As many things eventually do.
So Unicode stepped in.
Terrain became:
$script:terrainChar = [char]0x2593
Resulting in beautiful terminal geology:
▓▓▓▓▓▓▓▓▓▓▓▓
▓▓▓▓ ▓▓▓
▓▓ A ▓
Which somehow made destruction look respectable.

MIRV, or the Failure of Restraint
One projectile could have been enough.
But restraint is not always a technical person’s strongest attribute.
So there is MIRV.
One missile.
Then five.
Because moderation felt underwhelming.
Then suddenly:
$projectiles = @(
@{ X = $x; Y = $y; VX = $velocityX + (-4 * $direction) },
@{ X = $x; Y = $y; VX = $velocityX + (-2 * $direction) },
@{ X = $x; Y = $y; VX = $velocityX },
@{ X = $x; Y = $y; VX = $velocityX + ( 2 * $direction) },
@{ X = $x; Y = $y; VX = $velocityX + ( 4 * $direction) }
)
Which is less a weapon and more an argument against impulse control.

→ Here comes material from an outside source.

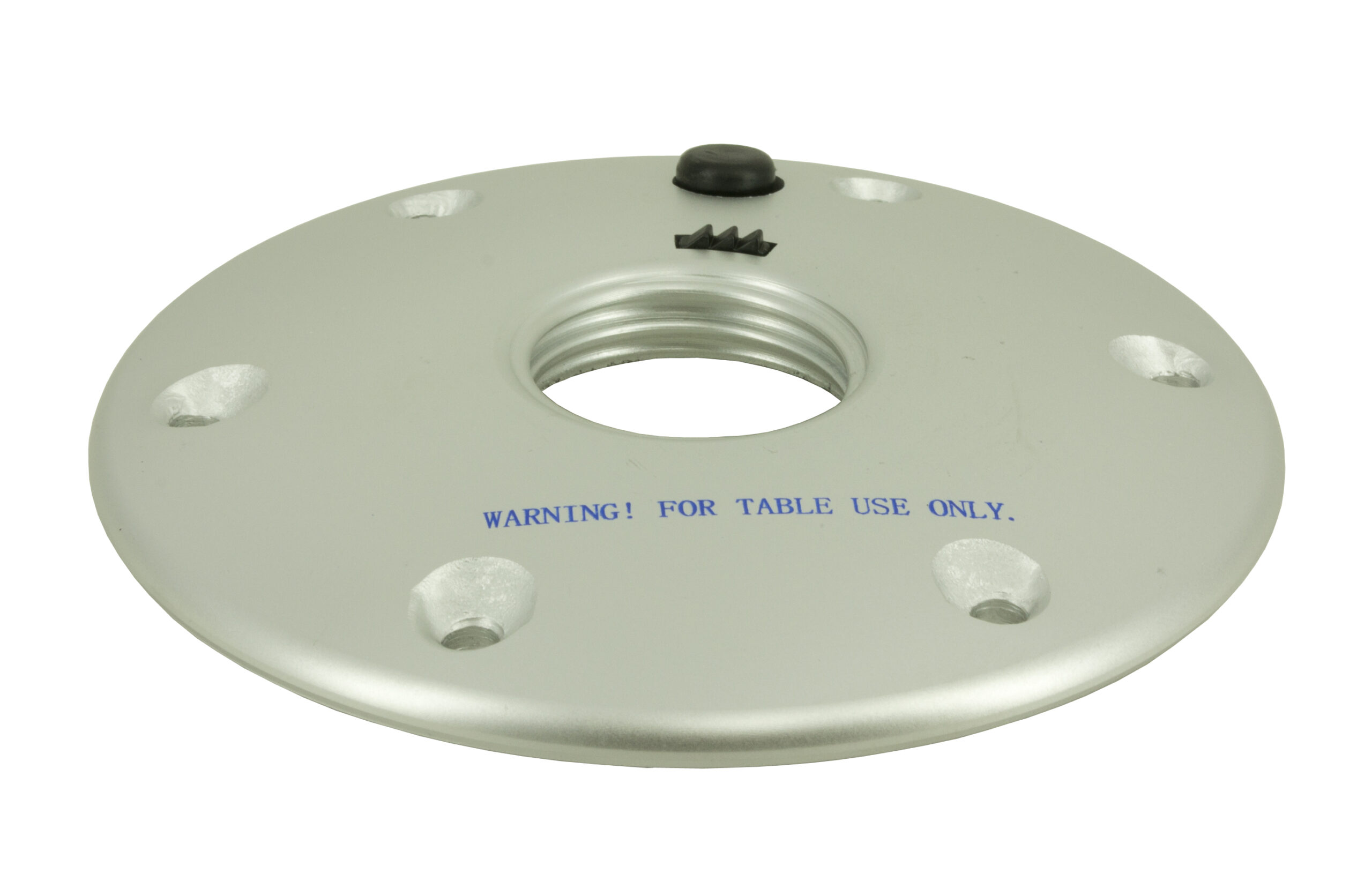 High-strength 2-3/8″ threaded anodized aluminum table base. 7″ diameter with 5-3/4″ hole pattern.

Destruction as a Learning Experience
Terrain does not merely sit there.
It suffers consequences.
Crashes into reality.
Becomes cratered.
for ($dx = -1; $dx -le 1; $dx++) {
$damageDepth = 3 - [Math]::Abs($dx)
}
Which means cover is temporary.
Like stability in IT.

The Things Technical People Do When Unsupervised
This project started as curiosity.
Then quietly became:
- Physics
- Animation
- Terrain generation
- Collision detection
- Terminal graphics
- Late-night bad decisions
All because somebody looked at PowerShell and thought:
Surely this can become artillery.
And somehow, inconveniently, it worked.
Final Thought
Sometimes learning comes from coursework.
Sometimes from certifications.
And sometimes from doing something mildly ridiculous just to see if it can be done.
Because once you build a game in PowerShell, automation suddenly feels ordinary.